I know I could either change the parser script to just create two empty files, but I don't want to create unnecessary files. I looked into dynamic, but that doesn't work with two potential output files, so I had a look at checkpoint. As I understand it, that should help me solve the problem.

Here is my attempt at using checkpoints:

SAMPLES, = glob_wildcards("input/metaphlan/{sample}.biom")
ID = "0 1 2 3 4".split()

TARGETS = expand("output/metaphlan/isPCR/final/{id}_mismatch_{sample}n.txt", sample = SAMPLES, id = ID)
print(TARGETS)

rule all:
    input:
        TARGETS

rule getgenome:
    input:
        "input/metaphlan/{sample}.biom"
    output:
        csv="output/metaphlan/fasta_dump/{sample}.csv",
        fas="output/metaphlan/fasta_dump/{sample}_dump.fasta"
    conda:
        "envs/synth_genome.yaml"
    shell:
        "python scripts/get_genomes_noabund_Snakemake.py {input} 1 {output.fas} {output.csv}"

rule PCR:
    input:
        "output/metaphlan/fasta_dump/{sample}_dump.fasta"
    output:
        "output/metaphlan/isPCR/raw/{id}_mismatch/{sample}.txt"
    params:
        id = "{id}"
    shell:
        "software/exonerate-2.2.0-x86_64/bin/ipcress --products --mismatch {params.id} scripts/primers-miseq.txt {input} > {output}"

checkpoint parse:
    input:
        "output/metaphlan/isPCR/raw/{id}_mismatch/{sample}.txt"
    output:
        "output/metaphlan/isPCR/final/{id}_mismatch_{sample}.csv",
        "output/metaphlan/isPCR/final/{id}_mismatch_{sample}.fasta"
    shell:
        "python scripts/iPCRess_parser_v2.py {input} {output}"

def aggregate_input(wildcards):
    checkpoint_output = checkpoints.parse.get(**wildcards).output[0,1]
    return expand('output/metaphlan/isPCR/final/{id}_mismatch_{sample}.csv','output/metaphlan/isPCR/final/{id}_mismatch_{sample}.fasta', sample = wildcards.SAMPLES, id=wildcards.ID)

rule collect:
    input:
        aggregate_input
    output:
        "output/metaphlan/isPCR/final/{id}_mismatch_{sample}n.txt"
    shell:
        "cat {input} >> {output}"

and the error


<function aggregate_input at 0x7f63eade2158>
SyntaxError:
Input and output files have to be specified as strings or lists of strings.
  File "snakeflow/Snakefile", line 52, in <module>

I believe this is because there is something wrong with how I am using wildcards in the aggregate function, but I can't figure it out.
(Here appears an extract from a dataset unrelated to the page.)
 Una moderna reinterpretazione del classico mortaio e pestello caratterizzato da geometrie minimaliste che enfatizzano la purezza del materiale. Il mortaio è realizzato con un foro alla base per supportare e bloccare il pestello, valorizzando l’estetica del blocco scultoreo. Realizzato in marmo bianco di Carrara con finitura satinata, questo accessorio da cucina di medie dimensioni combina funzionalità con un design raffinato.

I have tried various versions that I have found in the checkpoint tutorials to no avail.

Any help much appreciated, thanks!

1

1 Answers

1
votes

I think the immediate error has to do with your expand:

return expand('output/metaphlan/isPCR/final/{id}_mismatch_{sample}.csv',
   'output/metaphlan/isPCR/final/{id}_mismatch_{sample}.fasta', 
   sample=wildcards.SAMPLES, id=wildcards.ID)
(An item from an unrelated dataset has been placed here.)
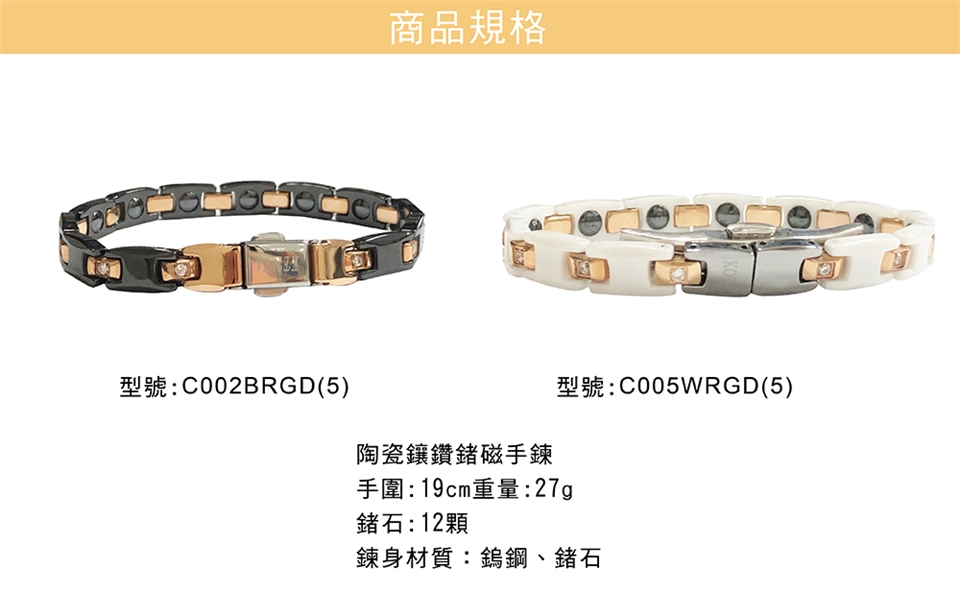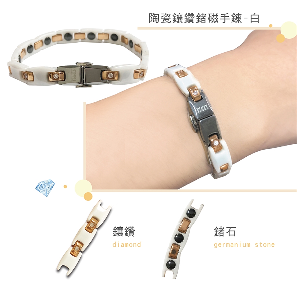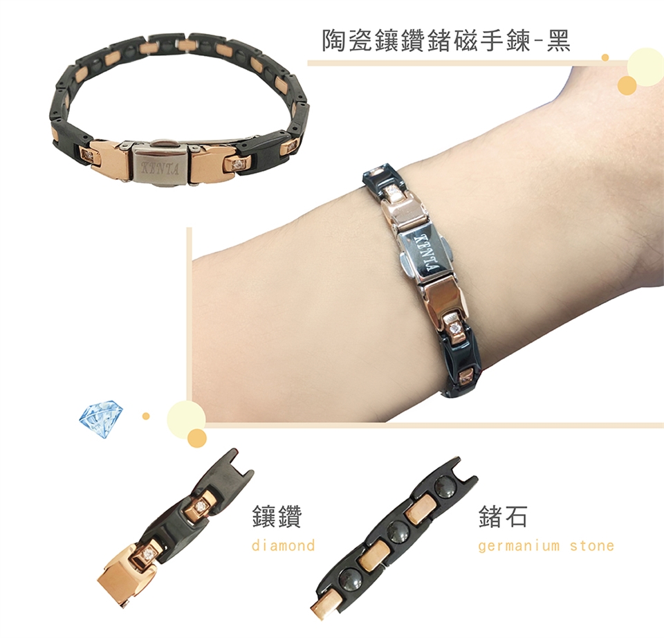 KOTO原廠外銷品牌KENTA 陶瓷鑲鑽鍺磁健康手鍊, 蝴碟扣款, 黑白可選

SAMPLES and ID should be lower case to match the wildcard names.

You will still run into the missing output exception because you are specifying output files that may not exist after running your script. You have to change the output of the checkpoint to a directory (specific for each sample, id) which will have 0 or 2 files. Then you can glob the contents of that directory in the input function to see which files exist.

For me, I would go with the empty file route. You get to avoid checkpoints and it keeps the rules cleaner. With empty files you can differentiate something that hasn't been run from something that had no results. Notice that if you use checkpoints, you end up with empty directories instead so you aren't avoiding the emtpy file problem entirely.

If you are worried about inodes or something else in your system, mark the outputs as temp and snakemake will clean them up after aggregation.